What is expected = Repeat everything in the data exactly except images.

Data block =
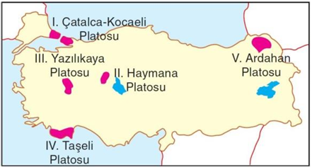 Aşağıdaki Türkiye haritasında ülkemizdeki bazı plato alanları gösterilmiştir.
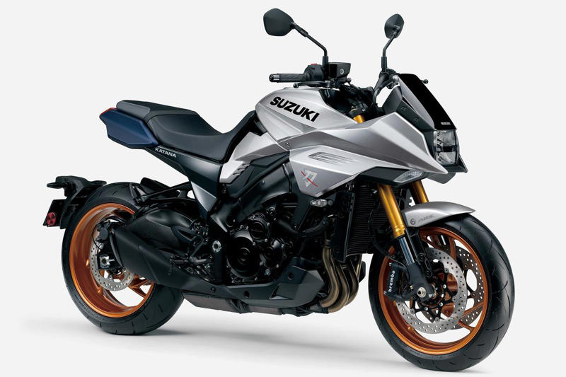 2025年モデルはボディにカタナらしいシルバーカラーを採用しつつも、テールカウルにマットブルー、ホイールに渋めのオレンジを配色した「ミスティックシルバーメタリック」と、昨年のKATANAミーティングでサプライズ披露された“青カタナ”「パールビガーブルー」の2色のニューカラーが登場。
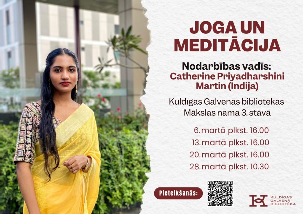 6. martā plkst. 16.00 Kuldīgas Galvenās bibliotēkas Mākslas nama 3. stāvā notiks pirmā jogas un meditācijas bezmaksas nodarbība, kuru vadīs Catherine Priyadharshini Martin.
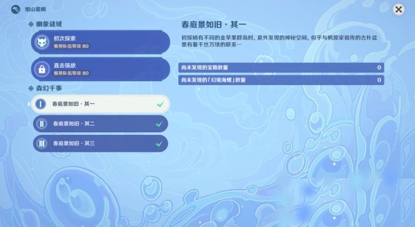 完成“春庭景如旧”任务后,传送到金苹果群岛布丁岛西北边的传送锚点,触碰锚点旁的盆景,选择“烟山雾阁”就能进入秘境(另一个选项“更改盆景布局”可用来改变岛屿的形状)

Answer below =
 Aşağıdaki Türkiye haritasında ülkemizdeki bazı plato alanları gösterilmiştir.
 2025年モデルはボディにカタナらしいシルバーカラーを採用しつつも、テールカウルにマットブルー、ホイールに渋めのオレンジを配色した「ミスティックシルバーメタリック」と、昨年のKATANAミーティングでサプライズ披露された“青カタナ”「パールビガーブルー」の2色のニューカラーが登場。
 6. martā plkst. 16.00 Kuldīgas Galvenās bibliotēkas Mākslas nama 3. stāvā notiks pirmā jogas un meditācijas bezmaksas nodarbība, kuru vadīs Catherine Priyadharshini Martin.
 完成“春庭景如旧”任务后,传送到金苹果群岛布丁岛西北边的传送锚点,触碰锚点旁的盆景,选择“烟山雾阁”就能进入秘境(另一个选项“更改盆景布局”可用来改变岛屿的形状)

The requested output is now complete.